# Can't Change Destination In App For Multiple Stops Anymore?



## Jufkii (Sep 17, 2015)

Last couple of days when a pax requests additional stops on the trip , the app shows some type of error message and will not let me enter in the next destination. Type in the next address , hit send, and the error message pops up.

Was warned on this site multiple times to always type in the next address if it takes you out of your way. Otherwise you may not get paid the additional mileage . Therefore I always have.

Contacted Support and got a canned message about entering a new address is an option that is not available. 
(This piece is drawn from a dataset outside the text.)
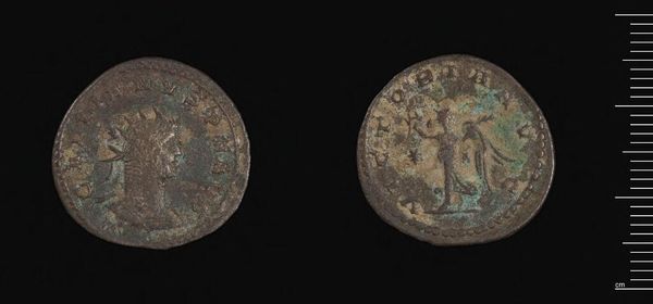 Curator: Here we have an Antoninianus of Trajan Decius, weighing a mere 4.39 grams, residing here at the Harvard Art Museums. Look closely at the wear, the subtle corrosion. Editor: It appears quite degraded, yet the central figure's profile retains a delicate strength. The composition, contained within that small circular frame, is remarkably balanced. Curator: Indeed. Considering its function as currency, its material composition—likely a debased silver alloy—speaks volumes about the economic pressures of the time. Its value wasn't just monetary. Editor: The materiality, though degraded, contributes significantly to its aesthetic power. The subtle patinas evoke a sense of antiquity and the passage of time. Curator: And let's not forget the labor involved. Minting these coins was a large scale operation requiring an enormous work force. Editor: Seeing the coin in person grants a sense of connection to the past. Curator: Agreed. The Antoninianus represents the tangible intersection of power, economics, and artistry.

Doesn't explain all the times I've done it in the past. 

Did something change. Is it the same now for everyone? Now longer need to type in new address? Or is Support talking out of their rear again?


----------



## Mikedamirault (Jun 22, 2016)

I noticed that too, I used to change addresses all the time for multiple destination trips, also came in handy during ubereats dropoffs when the customer forgot to change addresses (since the ubereats app doesn't use GPS location)

Now I have to rely on using google maps or Apple maps with address changes


----------



## TahoeEcoboost (Jul 30, 2017)

Quoted Per the Uber Driver App 7/30/17: "MAKING MULTIPLE STOPS ON A TRIP - a TRIP FARE IS DETERMINED BY THE ROUTE'S TOTAL TIME AND DISTANCE. WHEN A STOP IS MADE DURING A TRIP, THIS WAITING TIME IS INCLUDED IN THE FARE. ANY DISTANCE TRAVELED TO ADDITIONAL STOPS PRIOR TO THE RIDERS FINAL DESTINATION WILL ALSO BE INCLUDED.

WHEN THE RIDER ASK YOU TO MAKE A STOP ON THE WAY TO THEIR FINAL DESTINATION, LET THE TRIP CONTINUE. SWIPE COMPLETE TRIP ONLY AFTER RIDERS EXIT YOUR VEHICLE AT THEIR FINAL DESTINATION."


----------